What are the lines below, starting at the line containing "石積の橋脚部分のみが残る遊歩道に出会う。" and ending at the line containing "Las responsables quedaron"? Write them out exactly, ends included, without pictures.

[SOURCE RECORDS — start]

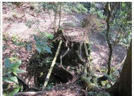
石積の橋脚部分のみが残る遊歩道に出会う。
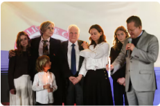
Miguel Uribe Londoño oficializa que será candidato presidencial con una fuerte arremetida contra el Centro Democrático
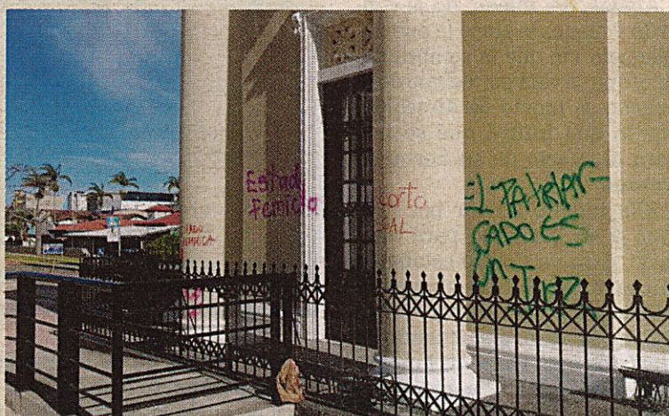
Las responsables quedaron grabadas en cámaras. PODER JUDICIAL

[SOURCE RECORDS — finish]
[SOURCE RECORDS — start]

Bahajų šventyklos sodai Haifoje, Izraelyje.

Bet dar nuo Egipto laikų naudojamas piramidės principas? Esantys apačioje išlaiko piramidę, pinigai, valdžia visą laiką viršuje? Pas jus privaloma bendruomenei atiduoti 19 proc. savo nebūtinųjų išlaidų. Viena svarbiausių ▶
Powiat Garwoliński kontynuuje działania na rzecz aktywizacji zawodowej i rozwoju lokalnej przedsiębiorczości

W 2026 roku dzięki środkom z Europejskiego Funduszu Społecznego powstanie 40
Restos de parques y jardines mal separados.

[SOURCE RECORDS — finish]

OUTPUT FOR THIS TASK:
石積の橋脚部分のみが残る遊歩道に出会う。
Miguel Uribe Londoño oficializa que será candidato presidencial con una fuerte arremetida contra el Centro Democrático
Las responsables quedaron grabadas en cámaras. PODER JUDICIAL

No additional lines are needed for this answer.